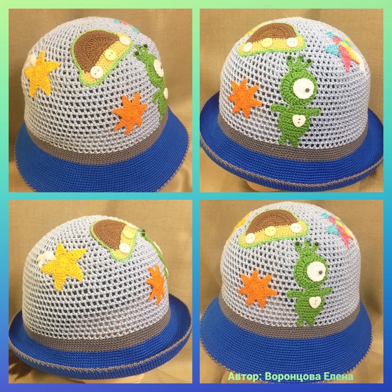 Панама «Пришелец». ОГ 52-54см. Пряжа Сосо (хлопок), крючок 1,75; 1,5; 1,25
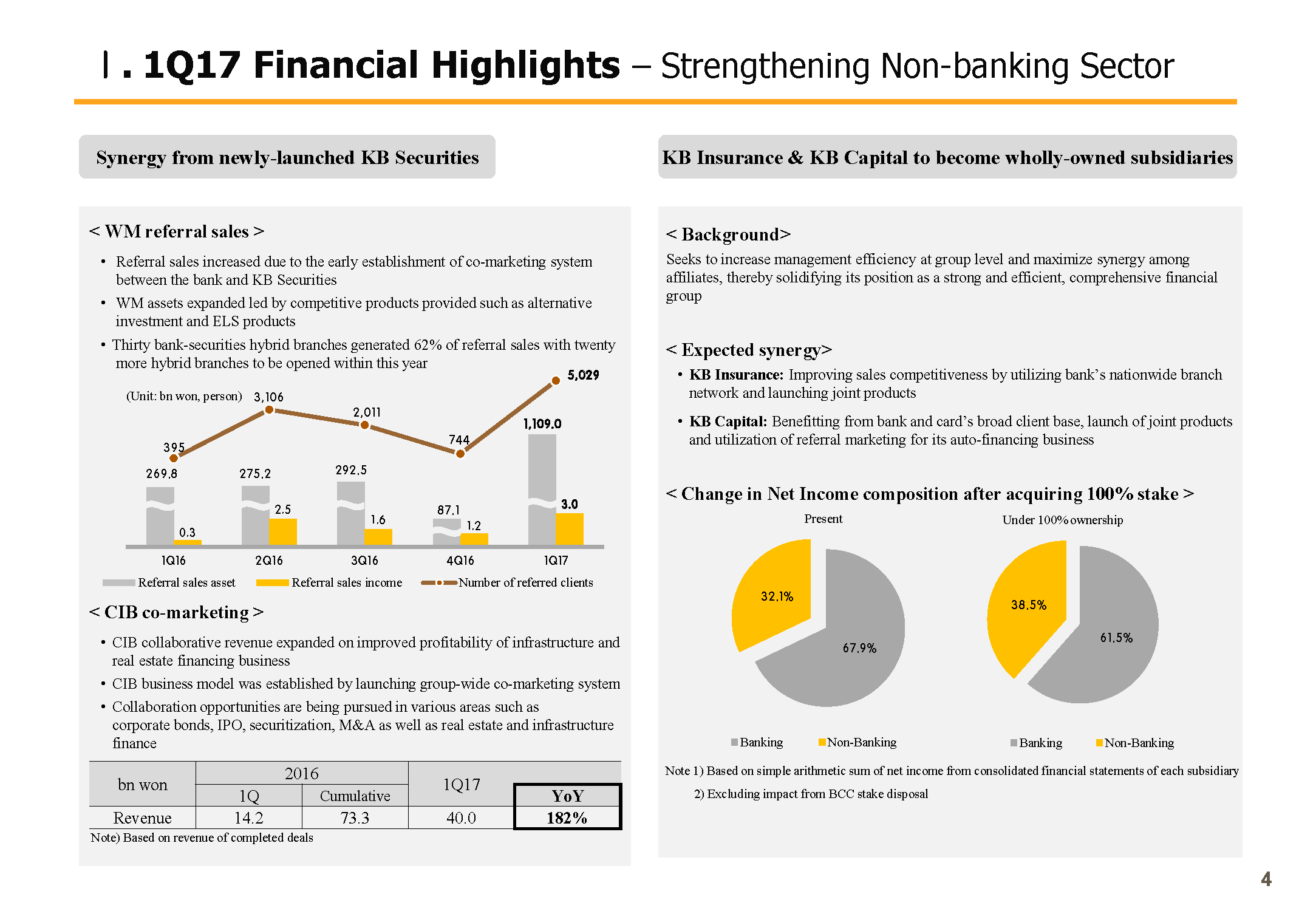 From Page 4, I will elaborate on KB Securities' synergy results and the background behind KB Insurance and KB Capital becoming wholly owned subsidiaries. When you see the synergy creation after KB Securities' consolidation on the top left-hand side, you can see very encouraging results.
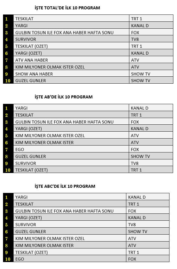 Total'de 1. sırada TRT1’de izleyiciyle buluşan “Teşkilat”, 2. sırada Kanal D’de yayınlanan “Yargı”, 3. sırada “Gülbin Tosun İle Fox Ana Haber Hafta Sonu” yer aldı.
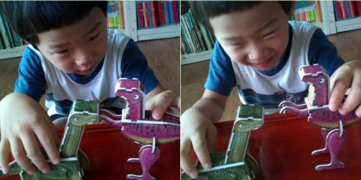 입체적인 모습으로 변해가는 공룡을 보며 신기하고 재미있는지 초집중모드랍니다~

___

» **YOUR OBJECTIVE**
Retype exactly, and only, the lines from the one containing "Total'de 1. sırada" through the end of the material, leaving aside every picture.

» **SOLUTION FOR THIS PROBLEM**
 Total'de 1. sırada TRT1’de izleyiciyle buluşan “Teşkilat”, 2. sırada Kanal D’de yayınlanan “Yargı”, 3. sırada “Gülbin Tosun İle Fox Ana Haber Hafta Sonu” yer aldı.
 입체적인 모습으로 변해가는 공룡을 보며 신기하고 재미있는지 초집중모드랍니다~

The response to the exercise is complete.